Many supplements can be safely taken in amounts greater than the Recommended Daily Value (DV) or Recommended Daily allowance (RDA). The percent daily value (%DV) displayed on the label denotes what percent of the recommended intake amount for a specific nutrient is met per serving.

Numerous studies have shown that taking certain nutrients in amounts greater than 100% DV may have valuable health benefits. For example… Consuming higher levels of Vitamin C, Beta Carotene and Vitamin E may promote stronger immune function and help protect the body against free radical damage.

When taking supplements including herbs, vitamins, minerals etc. it is important to follow the suggested use, dosage and to consider which is the highest amount that can be safely consumed. Before taking any vitamin or supplement, be sure to carefully review the precautions and instructions  on the product’s label.

Can I take supplements with my prescription medications?

Be sure to inform your doctor or healthcare practitioner about all the dietary supplements you take, even if you take them occasionally. This is especially important because some dietary supplements may interfere with prescription medications and over-the-counter (OTC) drugs, perhaps causing those prescriptions and OTCs to be less effective.

Conversely, some medications cause certain nutrients levels to drop and so taking supplements can help support your nutrient status and overall health when taking such drugs.
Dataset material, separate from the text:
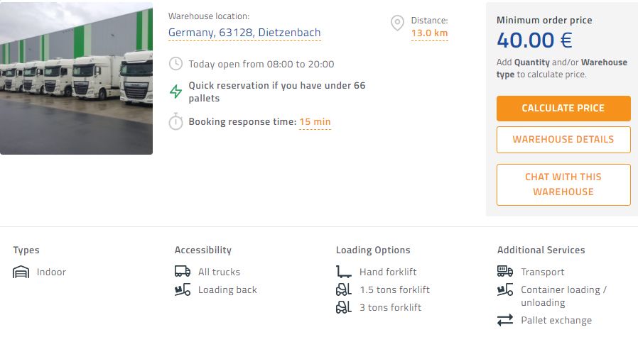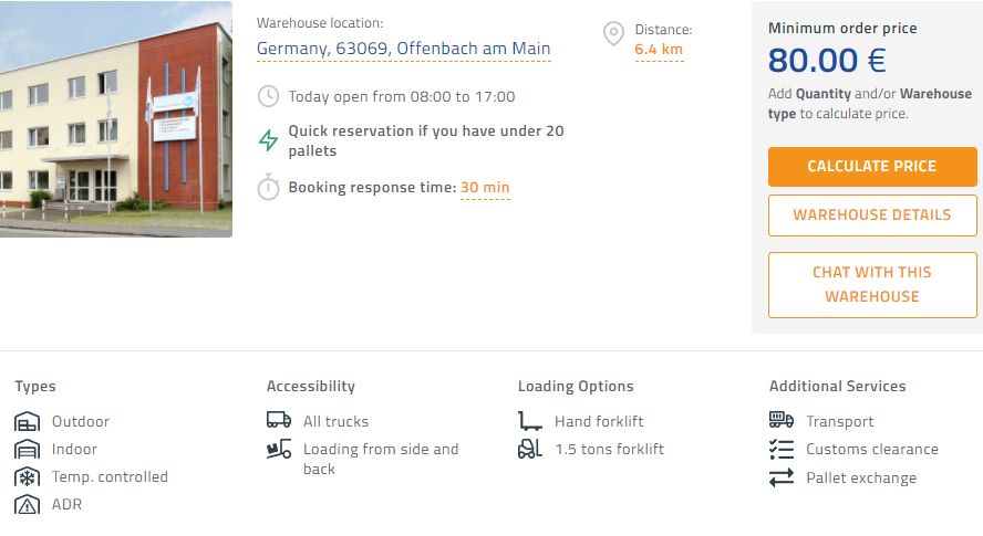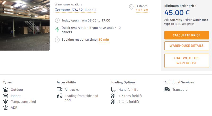 📍 Das vierte Lager befindet sich in einer Stadt namens Hanau (Lager Hanau) und ist 18 km von Frankfurt entfernt. Der Startpreis in diesem Lager beträgt 45,00 EUR. Dieses Lager bietet auch die Lagerung von gefährlichen Gütern (ADR) und Gütern, die ein temperaturkontrolliertes Lager (THERMO) benötigen.

Statin drugs, for example, have been known to lower blood levels of the antioxidant nutrient coenzyme Q10. To that end, individuals taking statin drugs are often advised to supplement with coenzyme Q10.

It’s important to let your doctor know the dosage and the frequency of use for all the supplements you are taking.   Talk to your doctor or healthcare provider about potential nutrient depletions that may occur with your medication(s) so you can be sure to  restore those key nutrient levels with proper supplementation.
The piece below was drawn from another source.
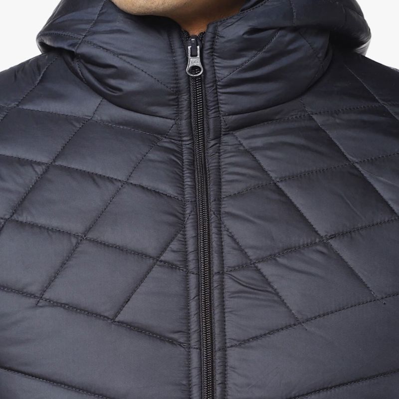الأزرق الداكن الهندسي الذاتي تصميم سترة مبطنة ، لديه غطاء رأس ، جيوب 2 ، لديه إغلاق الرمز البريدي ، أكمام طويلة ، حاشية مستقيمة ، بطانة من البوليستر.

Can I take supplements after the expiration date?

When a vitamin nutritional supplement expires, it is not necessarily harmful to consume. Expiration dates on most dietary supplements are actually “best if used by” guidelines.

However, the active ingredients may no longer be up to the potency specified on the label. If in doubt about an expired product, you may want  to discard that product and purchase a fresh, new batch.
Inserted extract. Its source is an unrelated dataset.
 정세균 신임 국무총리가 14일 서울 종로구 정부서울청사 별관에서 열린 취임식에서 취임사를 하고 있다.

Can I cut vitamin and nutritional supplement tablets into smaller pieces if I can’t swallow them whole?

Most supplements may be cut in half, milled into powder or chewed if swallowing is a problem.

Softgels (soft gelatin capsules) that are too large for you to comfortably swallow may be punctured or cut in half to empty the contents into a spoon or food.

Two-piece hard shell gelatin capsules may be opened easily to release the contents into food or a beverage.

Be advised, the only products not recommended to cut into smaller pieces are those that are timed-release or enteric coated. Such supplements should be swallowed whole to assure the best performance.

Where is the best place to store vitamins and nutritional supplements?

Storage directions are commonly explained on a vitamin label. Most often, storing the bottles in a cool, dry place with the cap tightly sealed is recommended. Certain formulations may require special storage conditions such as refrigeration.

Always keep these products out of reach of children and pets.

This article is for informational and educational purposes only; It is not intended to provide medical advice, diagnosis or treatment. Consult your doctor or healthcare professional.